Hinterbliebenenunterstützung durch Wohlfahrtsfonds der Ärztekammer beim Empfänger als Einkünfte aus selbständiger Arbeit steuerpflichtig

Entscheidungstext

IM NAMEN DER REPUBLIK

Das Bundesfinanzgericht hat durch den Richter Dr. Wolfgang Pavlik über die Beschwerde vom der Bf., Adresse, vertreten durch Rittmann KG, Steuerberatung & Wirtschaftsprüfung, 2500 Baden, Braitner Straße 36, gegen den Bescheid vom des Finanzamtes Baden Mödling betreffend Einkommensteuer für das Jahr 2017, zu Recht erkannt:

Die Beschwerde wird gemäß § 279 BAO als unbegründet abgewiesen.

Gegen dieses Erkenntnis ist eine Revision an den Verwaltungsgerichtshof nach Art. 133 Abs. 4 Bundes-Verfassungsgesetz (B-VG) nicht zulässig.

Entscheidungsgründe

Verfahrensgang

Durch eine Mitteilung des Wohlfahrtsfonds der Ärztekammer Niederösterreich wurde bekannt, dass die Beschwerdeführerin (Bf) im Jahr 2017 nach dem Verstorbenen Ehegatte-Bf Leistungen aus dem Wohlfahrtsfonds der Ärztekammer iHv € 4.000,00 Bestattungsbeihilfe und € 34.066,03 Hinterbliebenenunterstützung erhalten und nicht in ihre Einkommensteuererklärung 2017 aufgenommen hatte. Dieser Sachverhalt wurde der Bf vom Finanzamt (FA) mittels Vorhalt vom zur Kenntnis gebracht und nach erfolgter Vorhaltsbeantwortung der Erstbescheid vom gemäß § 299 BAO aufgehoben und mit ein neuer Erstbescheid erlassen.
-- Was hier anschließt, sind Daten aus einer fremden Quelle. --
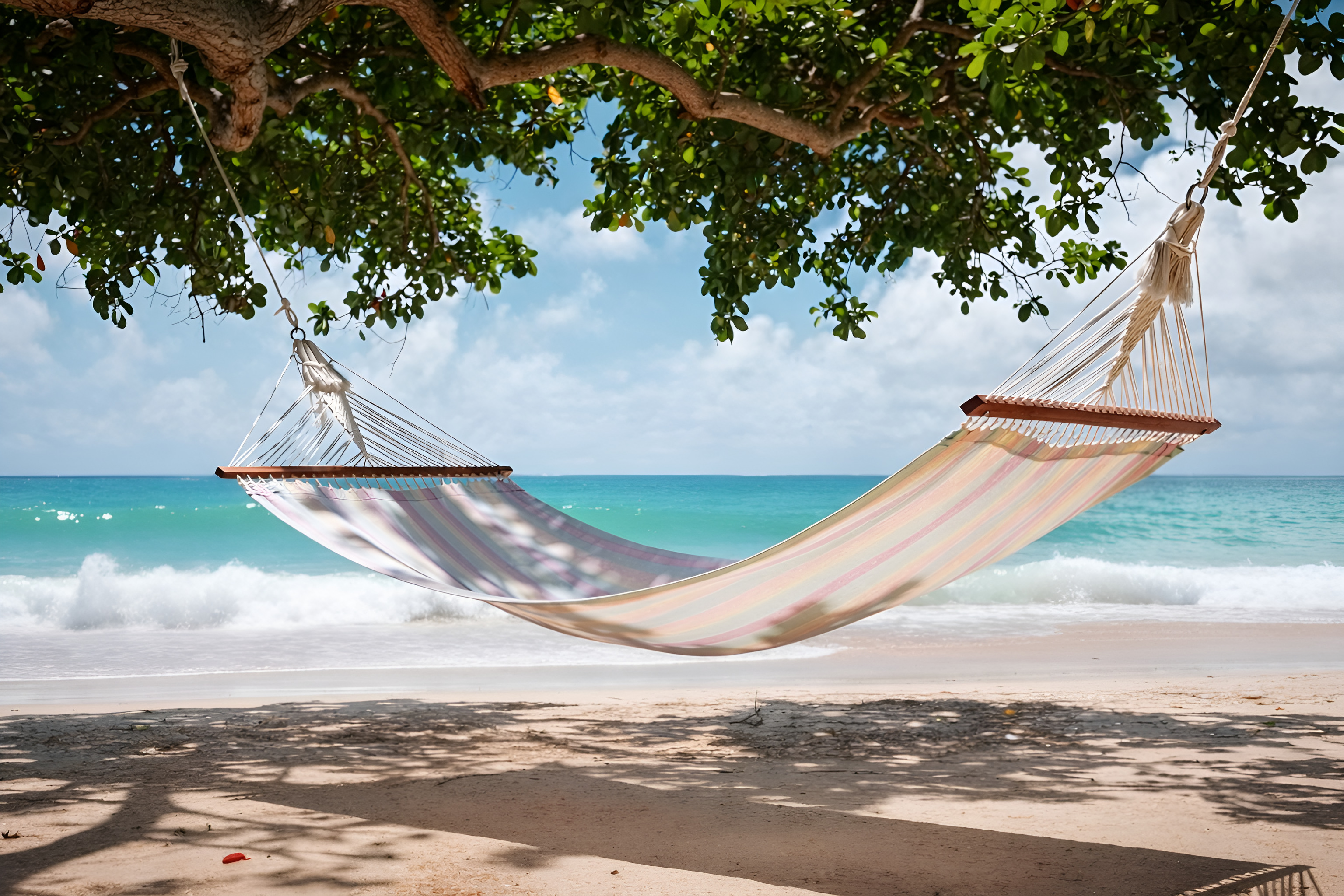 OUTDOOR FURNITURE: TWO LOUNGE CHAIRS WITH CUSHIONS, TWO SIDE TABLES, HAMMOCK, PERGOLA WITH SUNSHADE.
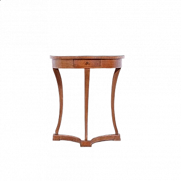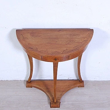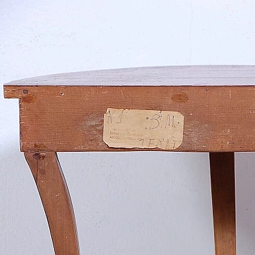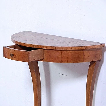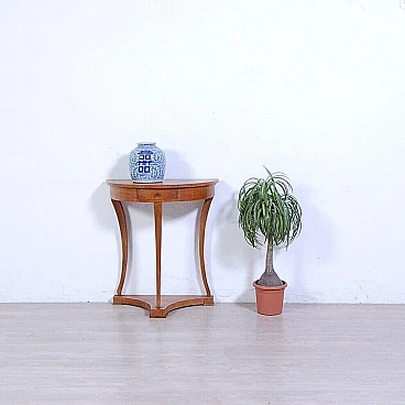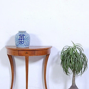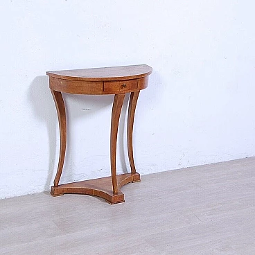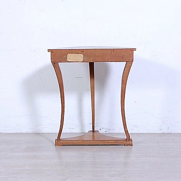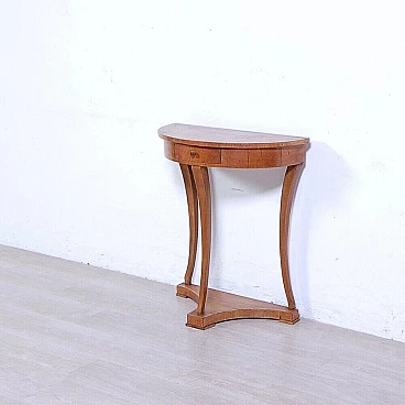 Walnut-root crescent-shaped console table with sabre legs, early 20th century

In diesem Erstbescheid wurden die Leistungen aus dem Wohlfahrtsfonds der Ärztekammer nach Abzug eines Gewinnfreibetrags (Grundfreibetrag iHv € 3.900,00), sohin iHv € 34.166,03 als Einkünfte aus selbständiger Arbeit angesetzt. In der Begründung wurde i.w. ausgeführt, die von der Ärztekammer ausbezahlte Hinterbliebenenunterstützung und die Bestattungsbeihilfe seien unabhängig von der Gestaltung des jeweiligen Sachverhaltes immer nach § 22 Z 4 iVm § 32 Z 2 EStG als Einkünfte aus selbständiger Arbeit beim Rechtsnachfolger zu versteuern. Die Rechtsansicht, dass die Hinterbliebenenunterstützung als Ablebensversicherung und die Bestattungsbeihilfe nicht der Steuerpflicht unterliegen, sei aG der gesetzlich normierten Steuerpflicht in § 32 Z 2 EStG nicht vertretbar.

Dagegen richtet sich die Beschwerde. In der Begründung wird i.w. ausgeführt, in § 38 der Satzung der Ärztekammer für NÖ sei die Hinterbliebenenunterstützung geregelt. Diese bestehe demnach aus einer direkt aus dem Fonds zu gewährenden Unterstützungsleistung iHv € 5.516,51 sowie einem persönlichen Ablebensversicherungsanspruch iHv € 28.549,52. Die Beitragsordnung der Ärztekammer Niederösterreich regle in § 12 die Bestattungsbeihilfe und die Hinterbliebenenunterstützung und in diesem Zusammenhang werde von einer Prämie und nicht von einem Beitrag gesprochen, welcher zu entrichten sei.

Es sei somit davon auszugehen, dass das jeweilige Mitglied, in diesem Fall der verstorbene Ehegatte-Bf, mit den Zahlungen an den Wohlfahrtsfonds für sich eine Ablebensversicherung bezahlt habe. Es seien für die Hinterbliebenenunterstützung eindeutig zuordenbare Prämien bezahlt worden. Als Versicherer trete die Ärztekammer für NÖ auf.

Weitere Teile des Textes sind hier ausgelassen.